• What you are asked to do: Beginning at the line that contains "Smocked Bonnets make" and finishing at the line that contains "90562 İnce Askılı", output the data below exactly. Include both end lines and no pictures.

• Given records:

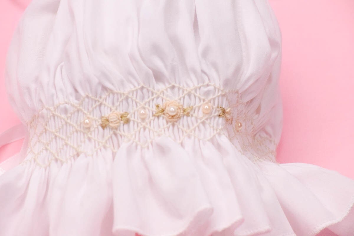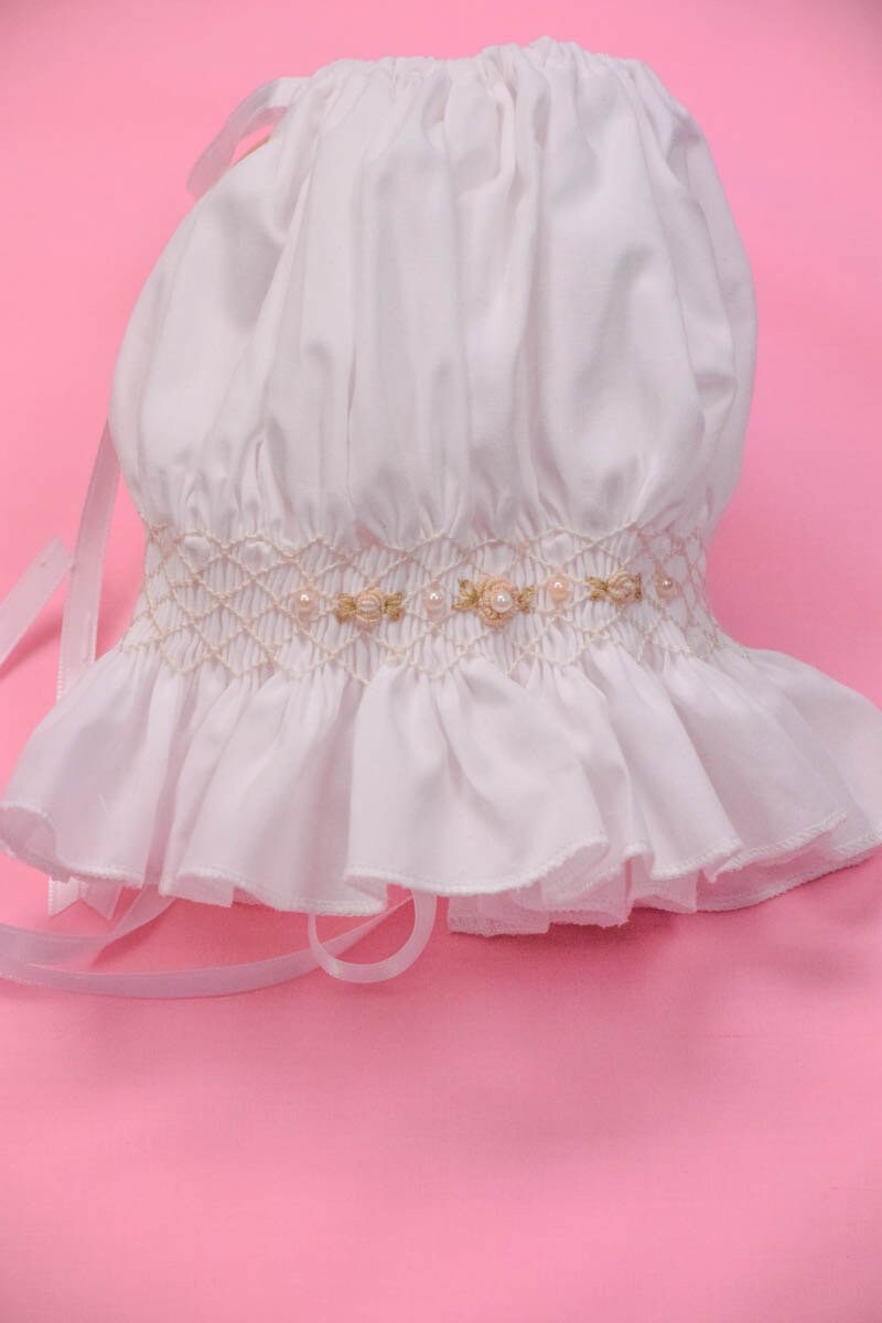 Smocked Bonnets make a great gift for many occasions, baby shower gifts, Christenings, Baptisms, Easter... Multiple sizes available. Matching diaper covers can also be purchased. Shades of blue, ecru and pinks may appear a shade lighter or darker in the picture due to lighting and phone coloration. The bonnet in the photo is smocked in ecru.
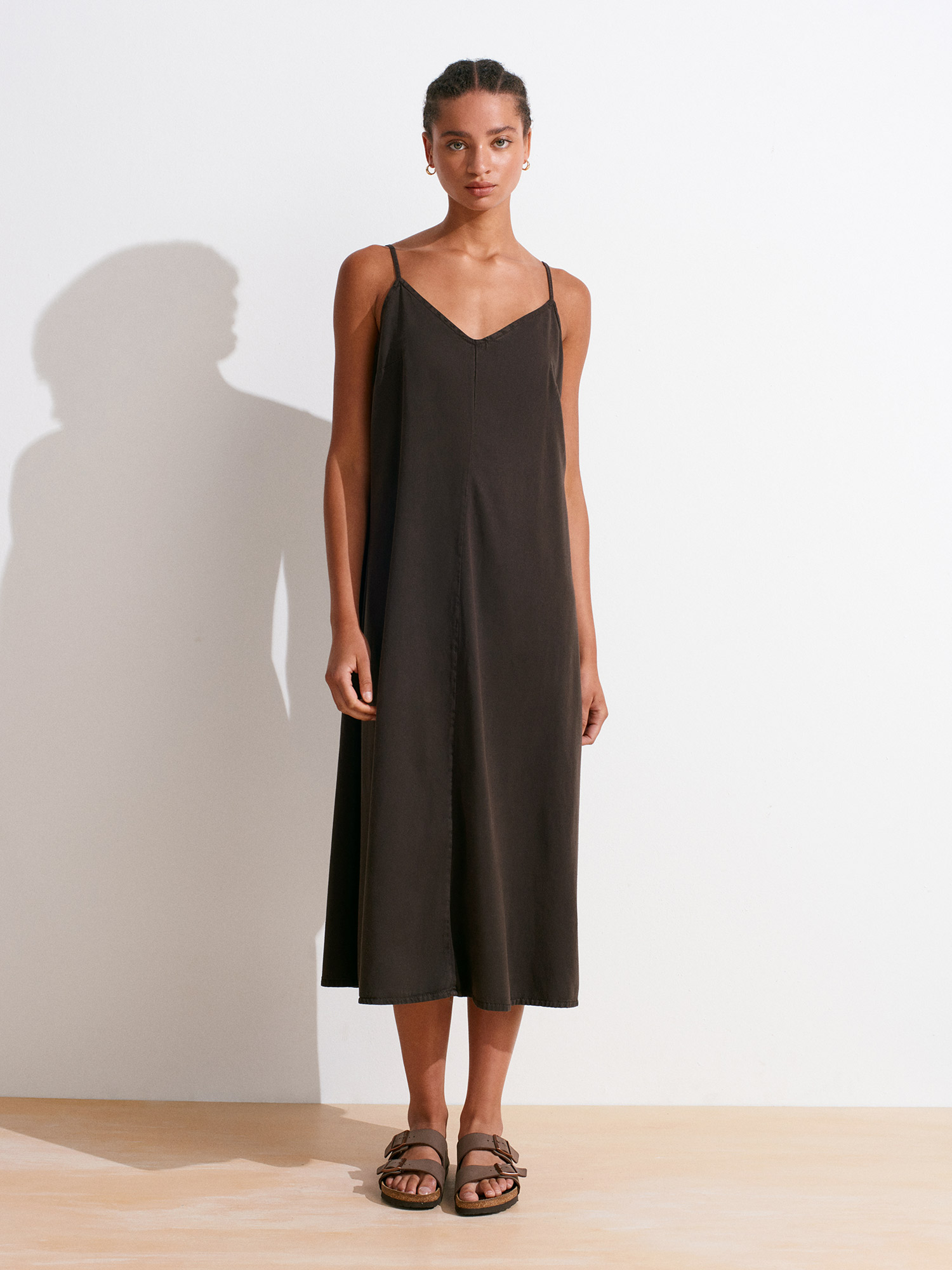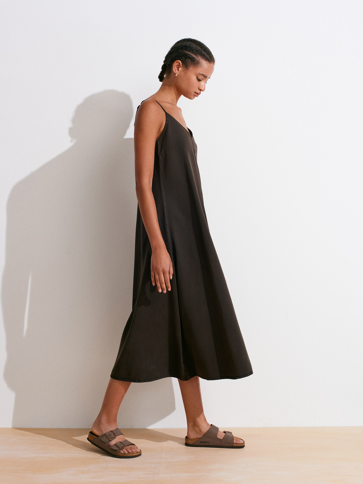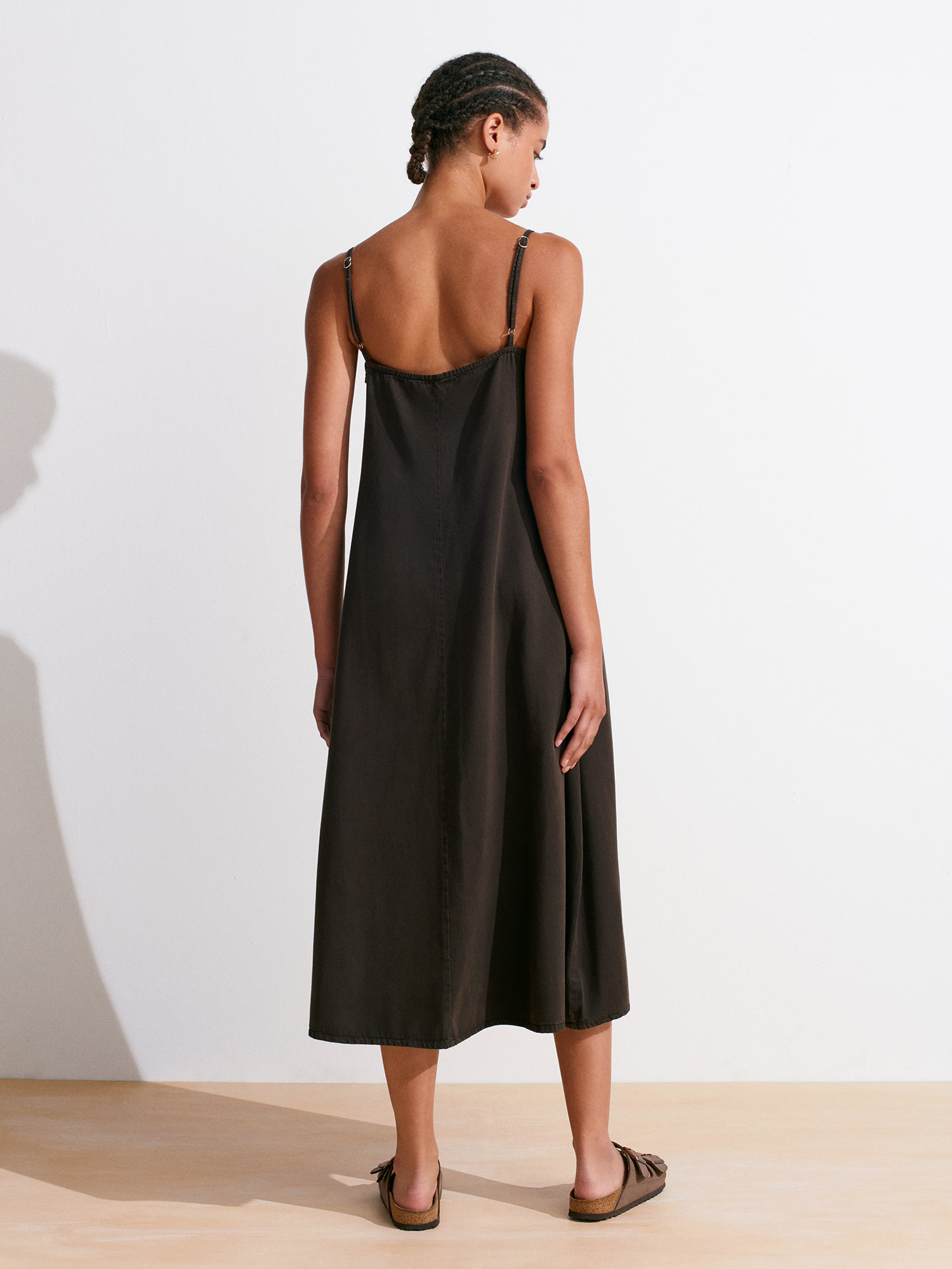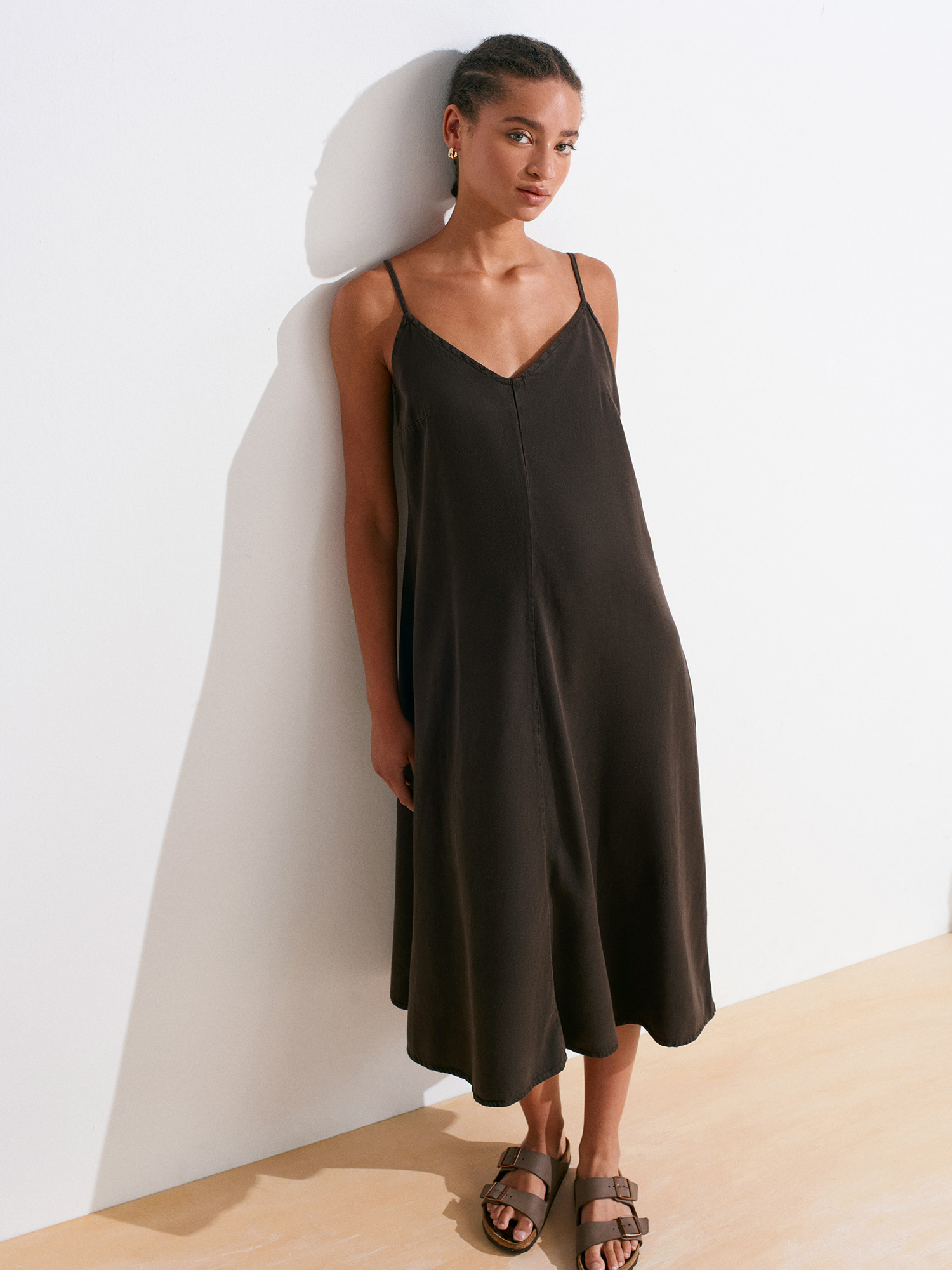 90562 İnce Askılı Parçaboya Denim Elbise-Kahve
---
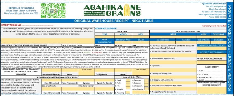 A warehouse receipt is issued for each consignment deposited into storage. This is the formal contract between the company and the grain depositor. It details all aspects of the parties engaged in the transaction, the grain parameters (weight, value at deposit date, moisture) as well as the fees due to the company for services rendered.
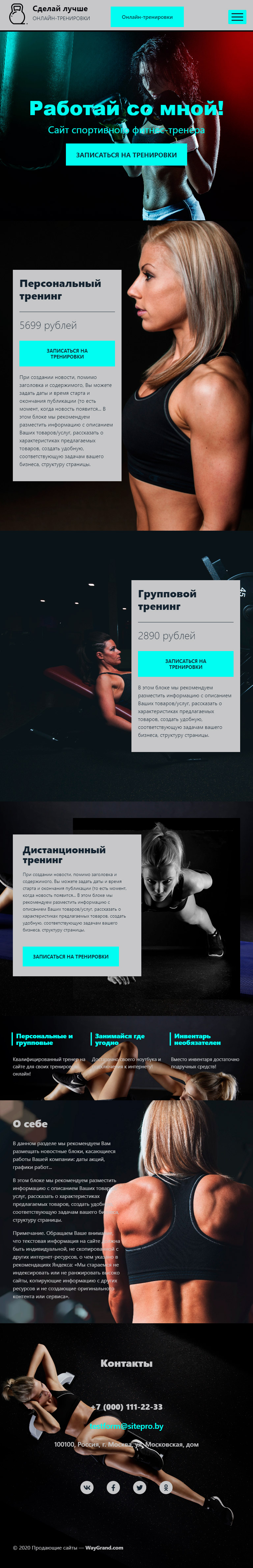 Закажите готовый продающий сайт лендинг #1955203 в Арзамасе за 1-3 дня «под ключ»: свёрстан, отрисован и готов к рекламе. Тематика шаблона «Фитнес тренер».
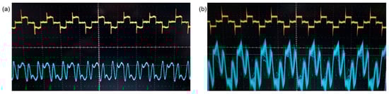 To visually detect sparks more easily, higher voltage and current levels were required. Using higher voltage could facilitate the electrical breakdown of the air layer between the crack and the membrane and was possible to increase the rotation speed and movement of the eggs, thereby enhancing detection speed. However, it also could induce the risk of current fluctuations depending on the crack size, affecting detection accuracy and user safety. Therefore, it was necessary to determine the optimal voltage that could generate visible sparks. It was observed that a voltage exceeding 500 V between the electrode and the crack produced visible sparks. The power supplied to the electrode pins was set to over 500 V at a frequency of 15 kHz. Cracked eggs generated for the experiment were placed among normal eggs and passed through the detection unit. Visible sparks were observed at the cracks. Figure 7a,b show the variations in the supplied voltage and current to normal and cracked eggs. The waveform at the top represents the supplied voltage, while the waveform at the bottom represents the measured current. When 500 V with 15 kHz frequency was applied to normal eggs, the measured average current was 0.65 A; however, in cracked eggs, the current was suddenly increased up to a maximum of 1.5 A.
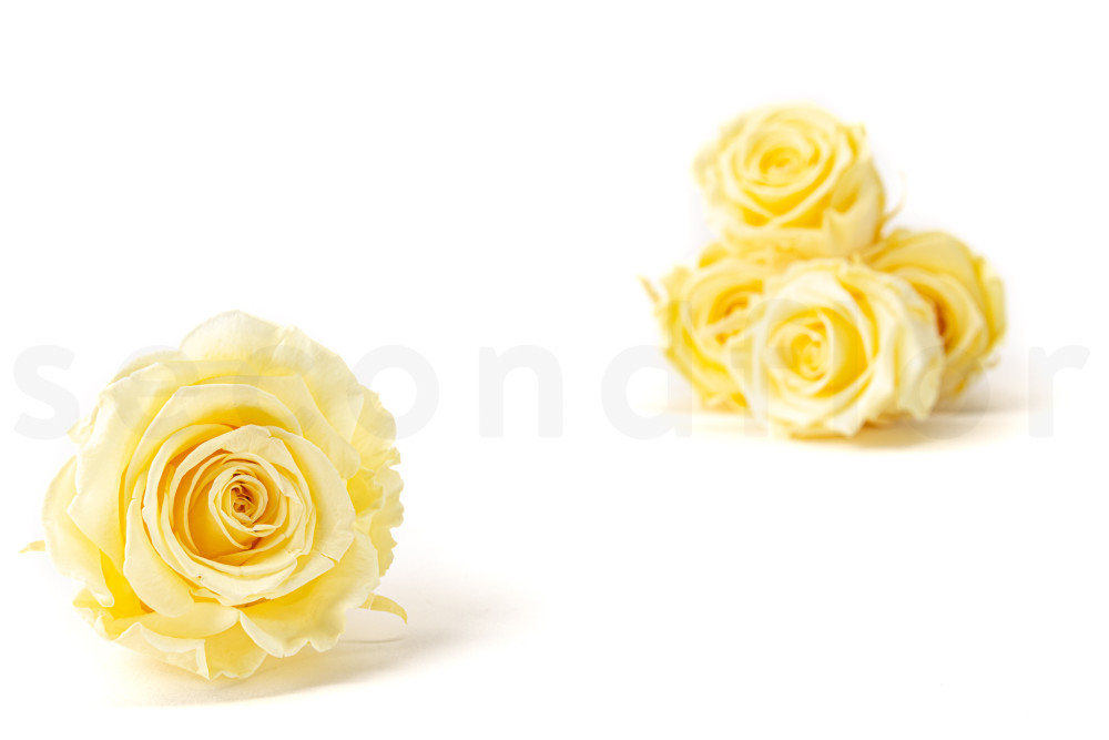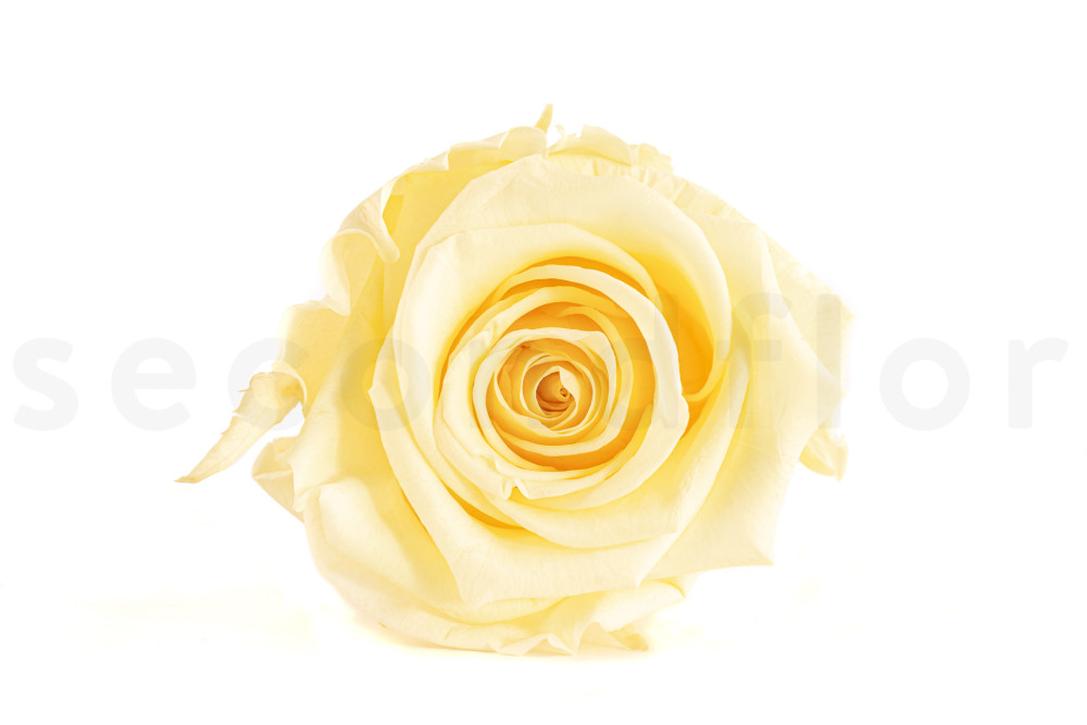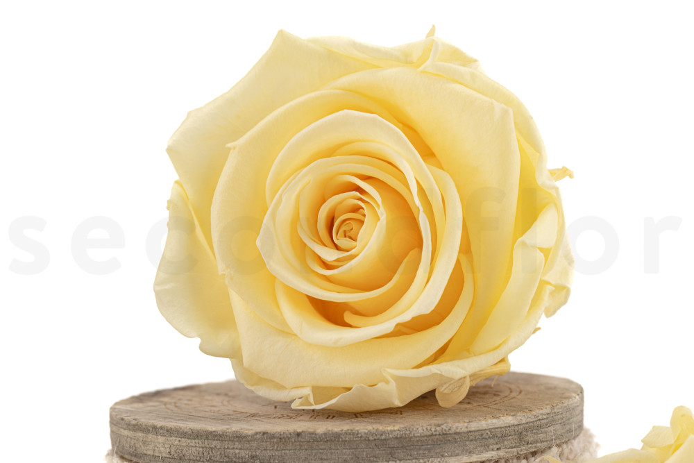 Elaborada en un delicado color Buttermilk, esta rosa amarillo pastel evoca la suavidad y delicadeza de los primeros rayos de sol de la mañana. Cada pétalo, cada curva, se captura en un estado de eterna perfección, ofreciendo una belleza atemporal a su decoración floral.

• Task output:
 Smocked Bonnets make a great gift for many occasions, baby shower gifts, Christenings, Baptisms, Easter... Multiple sizes available. Matching diaper covers can also be purchased. Shades of blue, ecru and pinks may appear a shade lighter or darker in the picture due to lighting and phone coloration. The bonnet in the photo is smocked in ecru.
 90562 İnce Askılı Parçaboya Denim Elbise-Kahve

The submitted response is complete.